• [ASSIGNMENT]: One exact copy of the listing is needed. It should contain no pictures.

• [EXERCISE DATA]:
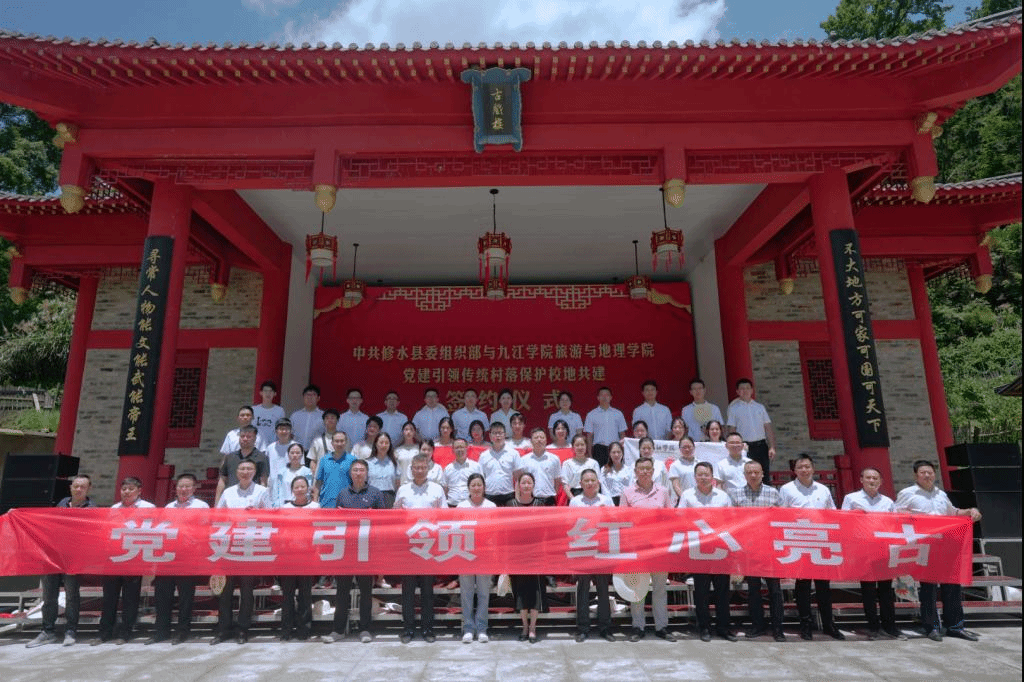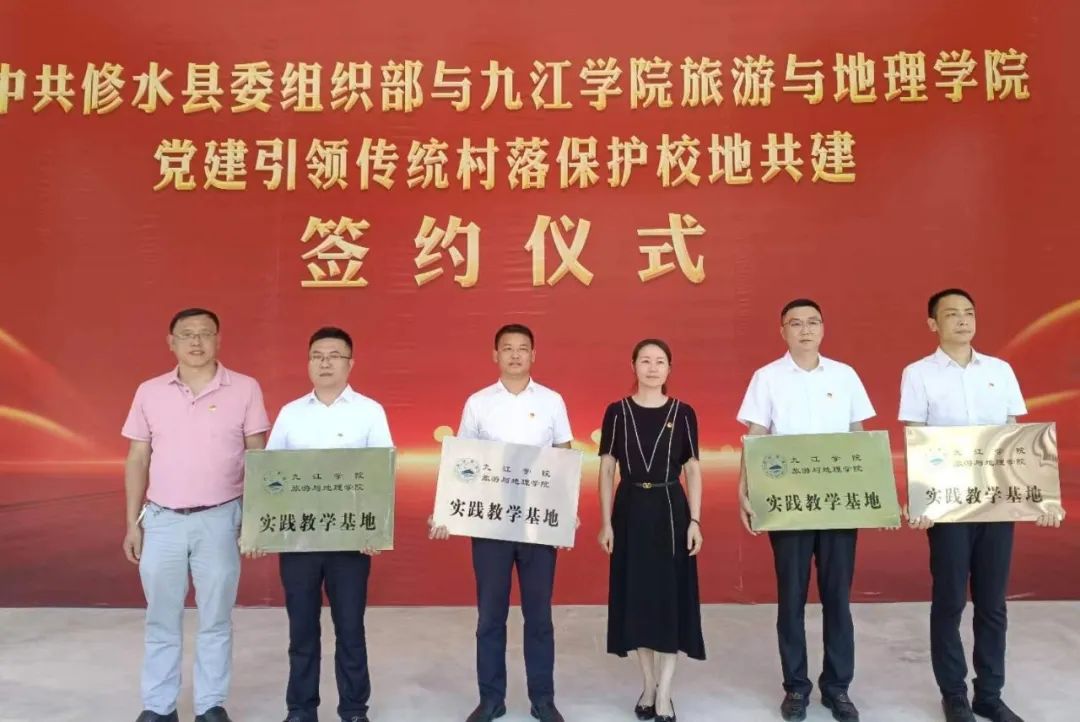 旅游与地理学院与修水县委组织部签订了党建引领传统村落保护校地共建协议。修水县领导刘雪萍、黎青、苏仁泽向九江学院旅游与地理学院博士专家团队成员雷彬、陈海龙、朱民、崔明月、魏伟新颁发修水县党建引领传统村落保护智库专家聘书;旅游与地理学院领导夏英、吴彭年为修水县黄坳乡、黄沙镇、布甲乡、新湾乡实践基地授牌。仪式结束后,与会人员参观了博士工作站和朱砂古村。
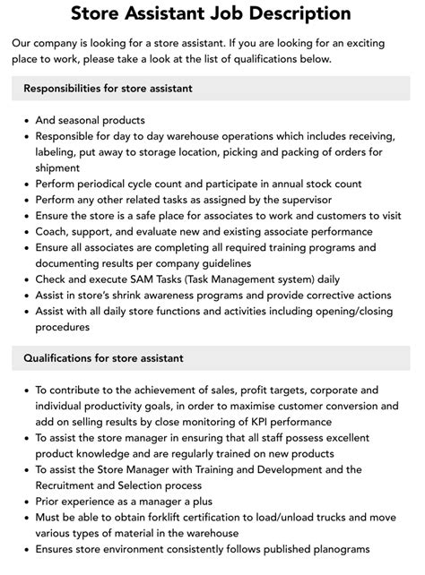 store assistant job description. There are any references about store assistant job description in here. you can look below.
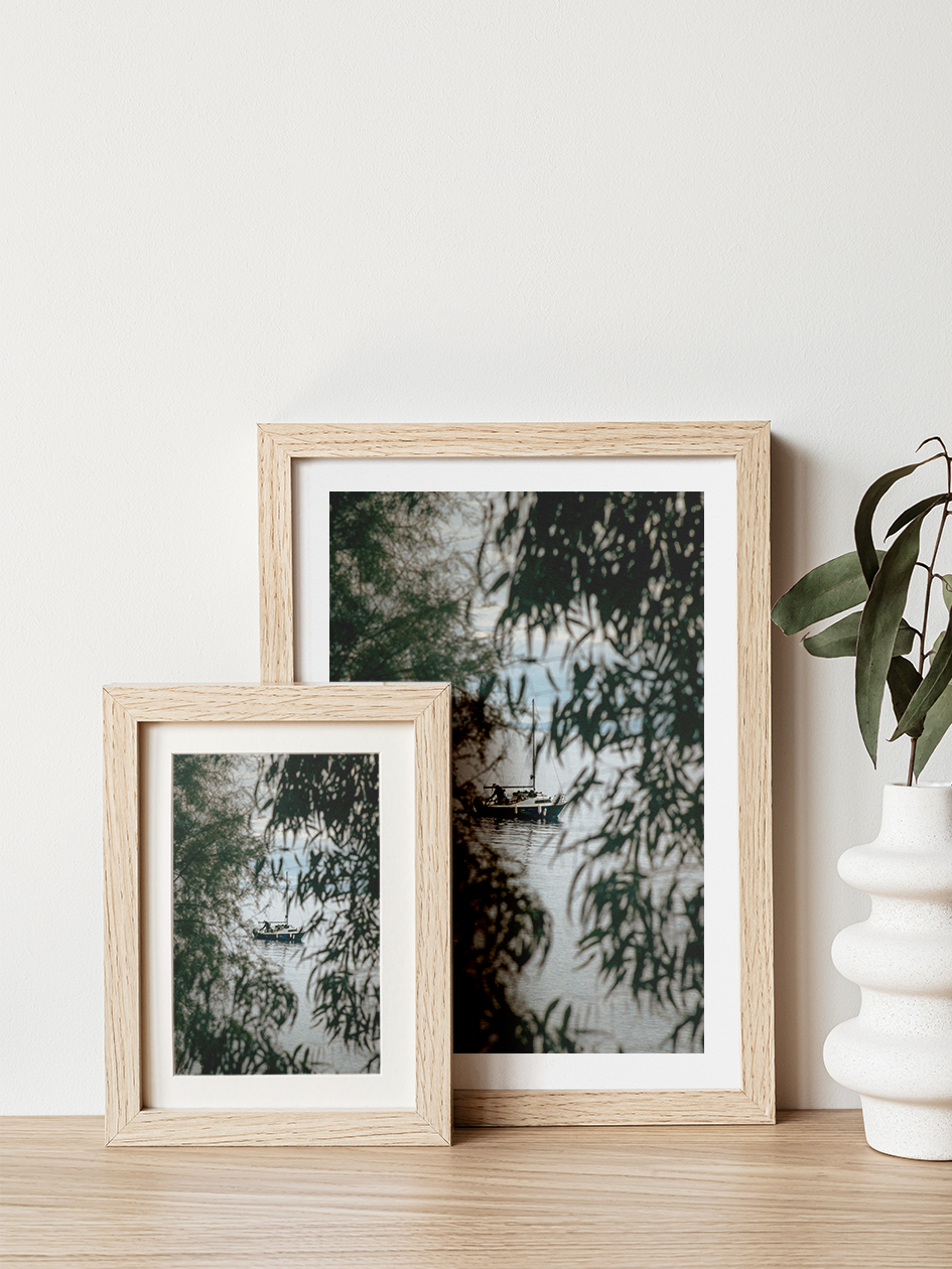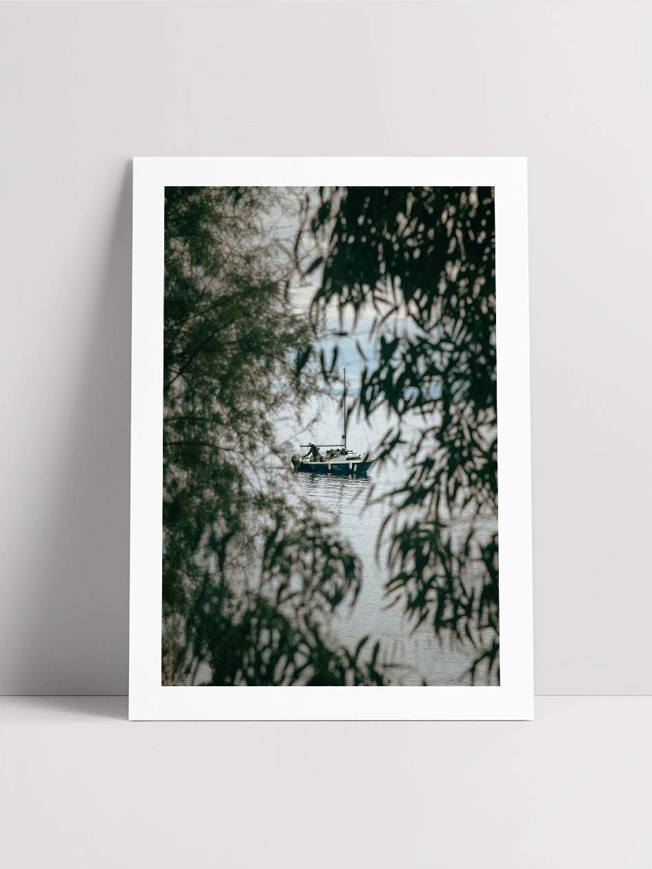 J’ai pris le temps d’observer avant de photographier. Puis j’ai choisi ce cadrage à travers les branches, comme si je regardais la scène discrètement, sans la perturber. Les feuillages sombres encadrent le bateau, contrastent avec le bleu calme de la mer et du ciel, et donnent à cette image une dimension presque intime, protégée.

• [TASK SOLUTION]:
 旅游与地理学院与修水县委组织部签订了党建引领传统村落保护校地共建协议。修水县领导刘雪萍、黎青、苏仁泽向九江学院旅游与地理学院博士专家团队成员雷彬、陈海龙、朱民、崔明月、魏伟新颁发修水县党建引领传统村落保护智库专家聘书;旅游与地理学院领导夏英、吴彭年为修水县黄坳乡、黄沙镇、布甲乡、新湾乡实践基地授牌。仪式结束后,与会人员参观了博士工作站和朱砂古村。
 store assistant job description. There are any references about store assistant job description in here. you can look below.
 J’ai pris le temps d’observer avant de photographier. Puis j’ai choisi ce cadrage à travers les branches, comme si je regardais la scène discrètement, sans la perturber. Les feuillages sombres encadrent le bateau, contrastent avec le bleu calme de la mer et du ciel, et donnent à cette image une dimension presque intime, protégée.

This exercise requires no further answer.